4. Open Database View and plan your subset

In Database View, work from left to right:

  • Zone 1 - Scope: choose environment, schema filter, and tables.
  • Columns panel: review and select columns.
  • Database workbench β†’ Planning: run Plan subset, validate dependency closure, and check subset preflight.
Database View planning and subset preflight
Database View: Zone 1 scope, subset planning, and dependency preflight

5. Create model artifacts from the workbench

Use Generate artifacts in the Planning tab.

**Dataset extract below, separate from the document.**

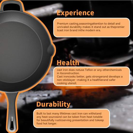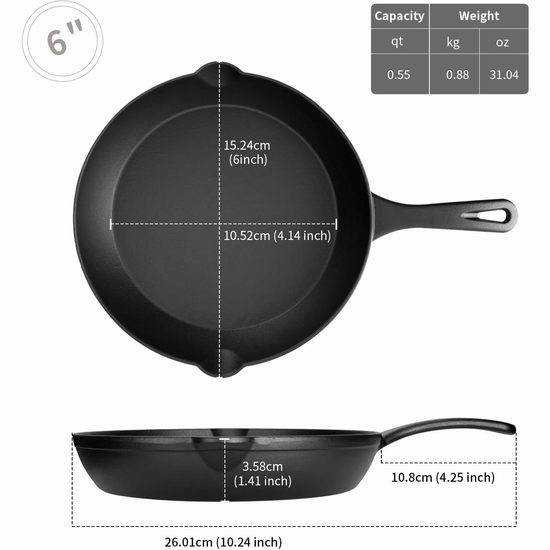 采用铸铁材质,一体成型,直径15.2厘米,植物油养锅工艺,将植物油喷在锅体表面,经高温烘烤油脂渗入铁质毛细孔中,表面形成黑色防锈、不易粘油膜,越用越不粘底,不含化学物质,安全健康,开封可立即使用,重型结构确保均匀加热和持久耐用。每次使用后,请用温水手洗,彻底干燥,并轻轻涂油以防止生锈。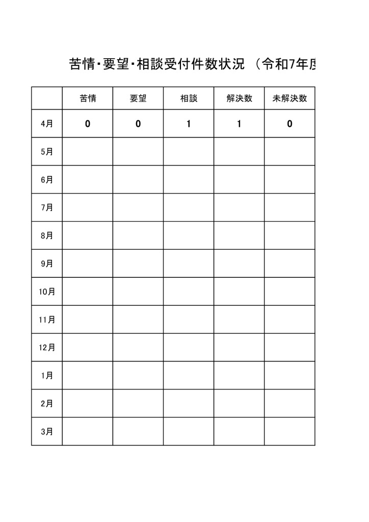 令和7年度 苦情・要望・相談受付状況4月

A. Create Synthetic model (.xml)

  1. Click Create Synthetic.
  2. Enter a model file name.
  3. Set relationship source (database-backed or generated weighting files under data/).
  4. Optionally enable schema-qualified generated names.
  5. Optionally enable SQL schema script export (.scr.sql) if your target setup requires it.
Create synthetic model from database metadata
Create Synthetic: naming, relationship source, and optional SQL schema script

B. Create Anonymize model (.xml)

  1. Click Create Anonymize.
  2. Confirm source database and select target database.
  3. Optionally apply PII preselect before create and set threshold.
  4. Continue to naming and create.
Create anonymize model from database metadata
Create Anonymize: source and target settings with optional PII preselect

C. Create ML training model (.xml)

  1. Click Create ML.
  2. Confirm source.
  3. Enter file name and optionally enable schema-qualified generated names.
  4. Create the model artifact.
  5. Execute the generated DSL model so <ml-train> can train and persist ML generator versions.
Create ML training model from database metadata
Create ML: model naming and generation options

Next step: after the training run completes, validate generator versions and quality metrics in ML Generator View, then reuse approved models with source="ml://..." as described in ML Generator from Database Metadata.

6. Create weighting artifacts in the Weighting tab

Switch to Database workbench β†’ Weighting:

  1. Select exactly one table and one or more columns in the metadata scope.
  2. Review selected columns in the Weighting tab.
  3. Click Create weighting.
  4. Configure sampling:
  5. sample_size (default 1000)
  6. sampling_mode (deterministic or fresh)
  7. include_nulls (true / false)
  8. Set file name and create.

Output:

  • One selected column β†’ .wgt.csv
  • Multiple selected columns β†’ .wgt.ent.csv
Weighting tab in Database workbench
Weighting tab: selected weighting scope and create action
Weighting creation wizard from database metadata
Weighting wizard: sampling options and naming

7. Review schema drift in Schema history

Use Database workbench β†’ Schema history to review detected metadata changes across snapshots before regenerating artifacts.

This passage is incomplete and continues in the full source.